Раньше он поднимался даже до глубокого, философского, прямо настраивавшего на самопознание вопроса о тайне, заключенной в нем, беспокоился, что в нем за подкладка и начинка такая, что он, не в пример большинству, интересуется всеми этими старыми книжками и, может быть, уже основательно подзабытыми идеями, ночей не спит из-за давно умерших людей, все думает, как бы сделать так, чтобы след, оставленный ими, не остался незамеченным?
Откуда это взялось? Свалилось на него откуда-то или само в нем развилось? Но сейчас впору спросить: куда все это подевалось? В нынешнее время он, нахмурив брови, сосредоточенно перебирает книжки, перебирает имена, сортирует людей и не радуется открытию, а дотошно соображает, достойно ли это, открытое им, наличия, присутствия в его будущем сверхъестественном бытии.

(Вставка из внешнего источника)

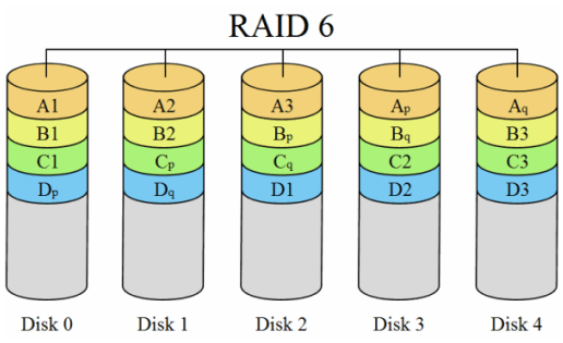 Como resultado de las modificaciones introducidas los Raid 6, toleran el fallo de dos discos (incluso durante la reconstrucción de uno de ellos), sin pérdida de datos.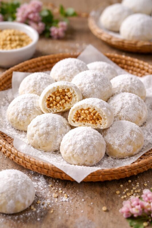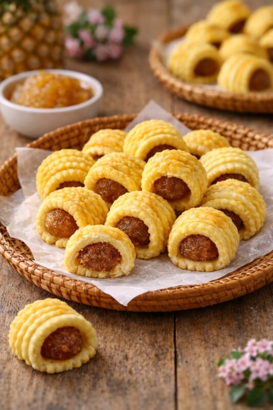 Les semaines précédant la fête sont aussi celles des kuih : les petits gâteaux et biscuits maison qui envahissent les boîtes en métal posées sur toutes les tables lors des open houses. Parmi les classiques : les kuih makmur (sablés fourrés à la noix de cajou), les bahulu (gâteaux moelleux en forme de fleur) et les pineapple tarts, feuilletés à la confiture d’ananas, que l’on retrouve aussi bien à Hari Raya qu’au Nouvel An chinois, reflet discret du brassage culturel singapourien.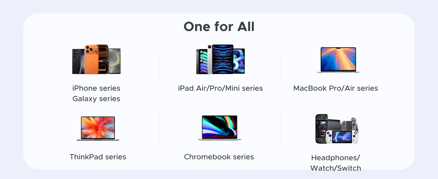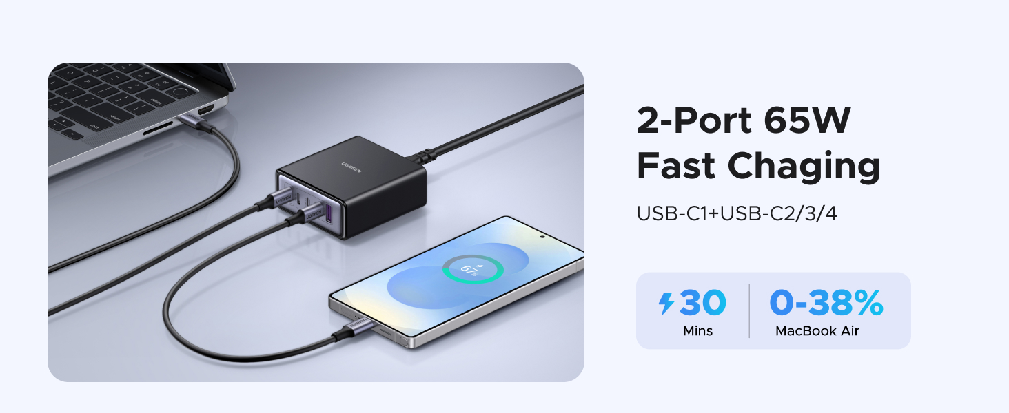 45W Super Fast Charge: The USB-C1 port supports multiple fast-charge protocols (PD/PPS/QC/AFC, etc.), delivering up to 45W of power. It can charge an iPhone 16 from 0% to 60% in just 30 minutes; Additionally, the Galaxy S25 Ultra can be charged from 0% to 67% within 30 minutes(A 5A PPS cable is required ); Stay energized, efficient, and productive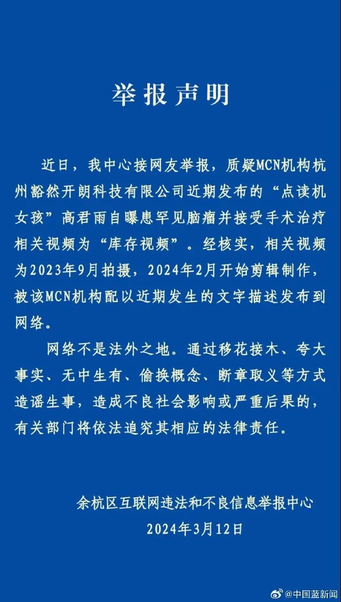 随后,涉事MCN机构杭州豁然开朗科技有限公司就此事发布致歉声明,承认公司在发布“高君雨患病”等视频上,文案中的时间表述出现严重纰漏。此外,还表示公司在此期间从未进行过任何捐款和打赏等盈利性操作。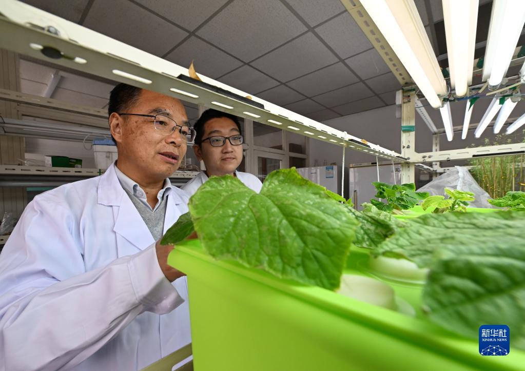 3月14日,在天津市农业科学院黄瓜研究所,杜胜利研究员(左)与研究生就试验黄瓜植株表现进行分析研讨。
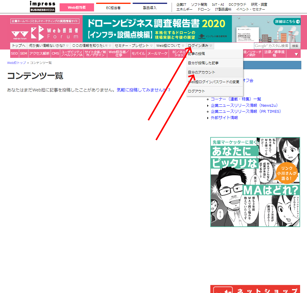 ページ上部、スーパーバナーの下にあるメニューの右端[ログイン済み]から[自分の投稿した記事]を選びます。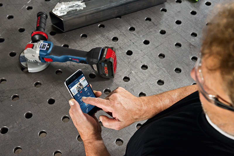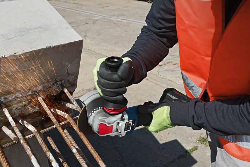 Akku-Winkelschleifer mit X-LOCK GWX 18V-10 SC, Der kleine Akku-Winkelschleifer GWX 18V-10 SC Professional mit X-LOCK bietet verbesserte Leistungsfähigkeit und Werkzeugkontrolle in der 18-Volt-Kategorie. Er bietet dank des leistungsstarken bürstenlosen Motors und der ProCORE18V-Akkutechnologie über den Akku dieselbe Leistung wie ein kabelgebundener Schleifer mit 1.000 Watt. Dieser kleine Winkelschleifer ist mit dem schlüssellosen Klick-System X-LOCK ausgestattet, und ermöglicht damit ein schnelles und bequemes Wechseln der Einsatzwerkzeuge. Sein Bluetooth Connectivity-Modul ermöglicht Anpassungen direkt über die Toolbox App, und ein User Interface mit Drehzahlvorwahl sorgt mit Aktivwerkzeug-Feedback für größtmöglichen Komfort. Das Werkzeug eignet sich zum Schneiden und Abschleifen von Metall, Stein und Beton. Es ist kompatibel mit den Staubabsaugvorrichtungen GDE 125 EA-T Professional und GDE 115 / 125 FC-T Professional sowie mit allen Bosch Professional 18V-Akkus und -Ladegeräten (Professional 18V System). Auch kompatibel mit AMPShare, der markenübergreifenden Akku-Allianz. Der GWX 18V-10 SC Professional verfügt zudem über Bluetooth Connectivity und User Interface sowie Drop Control, X-Brake und KickBack Control. Schutzhaube (1 605 510 365). Anklippbare Trennschutzhaube aus Kunststoff (2 608 000 757). Zusatzhandgriff Vibration Control (2 602 025 171). L-BOXX 136 (1 600 A01 2G0). 1/1 L-BOXX-Einlage für Gerät und Ladegerät (1 600 A01 166)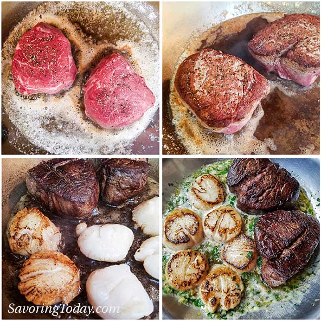 - Turn the steaks on end and rotate to brown the sides (this will take about 3 minutes), then turn over to brown the final side for 4 to 5 minutes. When turning the steak to brown the last side, add scallops to the skillet to brown at the same time, about 2 minutes on each side.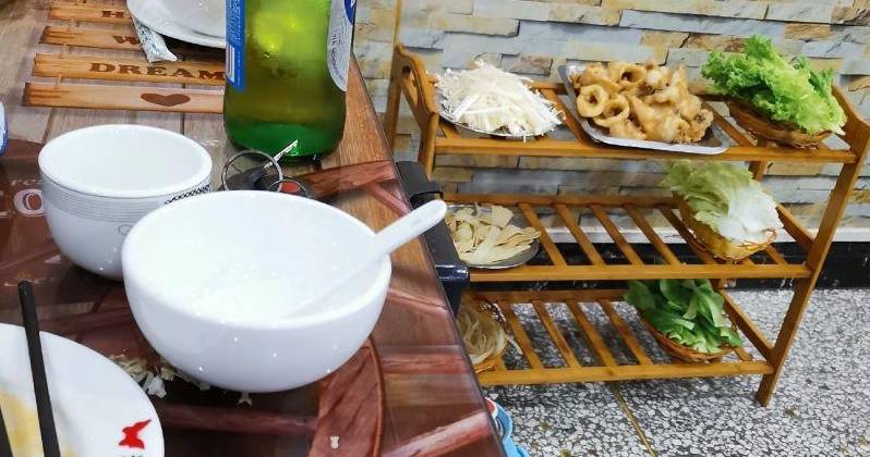 鱼肉吃完后就是涮青菜了,6个菜有生菜、白菜、油菜、金针菇、豆腐皮、粉皮等。四个人吃的还是挺满足的,一百多块钱花的值了。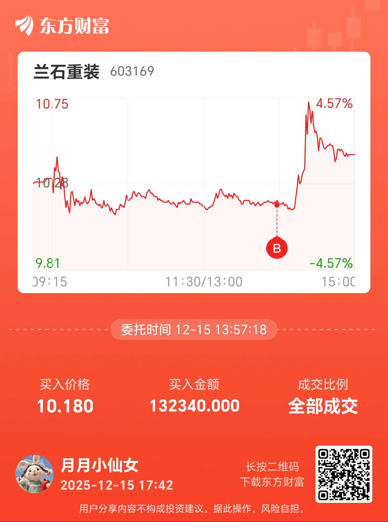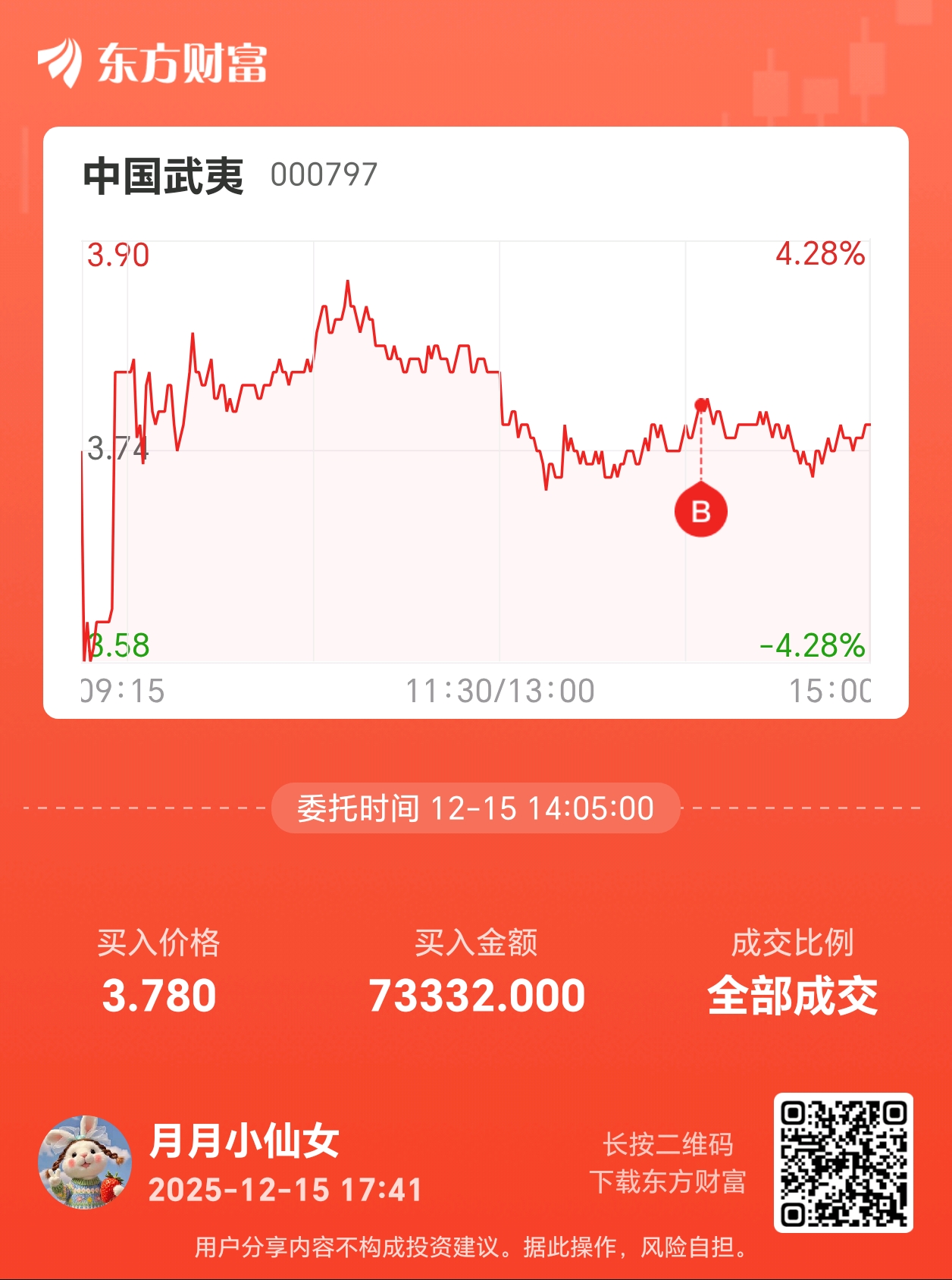 温馨提示: 1.根据《证券法》规定,禁止编造、传播虚假信息或者误导性信息,扰乱证券市场;2.用户在本社区发表的所有资料、言论等仅代表个人观点,与本网站立场无关,不对您构成任何投资建议。用户应基于自己的独立判断,自行决定证券投资并承担相应风险。《东方财富社区管理规定》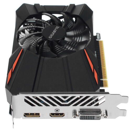 Видеоадаптер Gigabyte GV-N105TD5-4GD изготавливается с компактными размерами. Занимает 2 слота в системном блоке. Предусмотрено надежное активное охлаждение из алюминиевого сплава с тихим вентилятором. Устанавливается в свободный порт типа PCI Express 3.0 x16. Для использования мониторов имеются цифровые порты HDMI, DisplayPort и DVI-D.

Человек жаждет совершенства, как он его понимает, а оно невозможно, и в результате человек уединено мучается в тесном мирке своих переживаний, своих истерических мечтаний о несбыточном. И это не случайное замечание.
У меня есть своя трепетная, навязчивая, почти что парадоксальная думка, имеется свое индивидуальное мучение. Оно о забытых и полузабытых писателях, о задвинутых в тень или неверно, на мой взгляд, истолкованных книгах. Ну, неверно! – как это может быть? Среди массы истолкований всегда найдется удовлетворительное, лучшее, вполне верное, даже по-своему окончательное. Я выражаю лишь надежду высказать о некоторых книжках не то чтобы нечто совершенно новое и оригинальное, а свое, личное, выделить в них что-то особенно поразившее мое воображение.